“你胡说八道!”婉欣气急败坏,“你早前就跟季龄语纠缠不清,如今见我要嫁给他,便故意设了这计谋陷害我,我,我!”她左右看了看,居然拿起一旁的烛台就朝我扔了过来。
只可惜公主的千金之躯并没有多少力气,那烛台又厚重,只是微微往上抛了一下就“嘭!”的一声落在了我跟她之间的地板上。
“哎呀,公主,这可是暹罗国进贡过来的宝烛台,你怎么能就这样给扔了!”侍奉太监都替她提心吊胆,在说这句话时,眼角早就朝季成琪望去。
季成琪的脸色越来越糟糕,我相信,今日这事不管如何收场,她齐婉欣在季成琪心里怕是永远都不得超生了。
“既然我儿已经将这件事情做了决断,而公主你又再无其他证据,那么今日之事就到此为止吧。”季成琪已经有意让齐婉欣退下了。

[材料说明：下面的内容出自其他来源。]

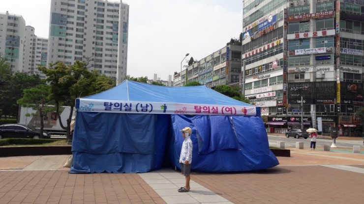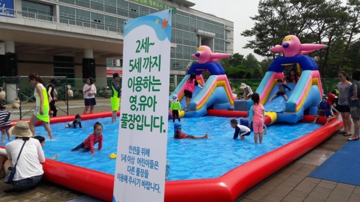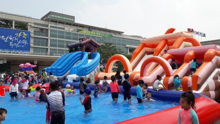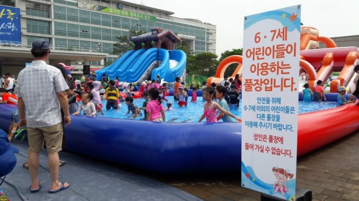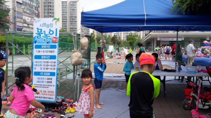 아이들이 방학을 맞았으나, 바깥 더위가 무서워 방콕만 하던 저는 시청 앞에 볼일을 보러 아이들과 나갔다가 시청 물놀이장을 아이들에게 들키고 말았지요.

可齐婉欣却还是很不甘心:“不,陛下,这个罪恶之人还在这里,这事又怎么能如此草率的了结掉?”
“那朕便下旨将郭利一族满门抄斩,这样总行了吧?”季成琪已经对她十分忍让。
“吾皇圣明。”我匍匐在地,表现的感激涕零。
但我越是表现的恭维讨好,落在齐婉欣的眼里就越是面目可憎。
“我不同意!”她想冲到季成琪面前,却被一旁是侍卫拦住,“陛下,今日你若不杀她,婉欣誓不罢休!”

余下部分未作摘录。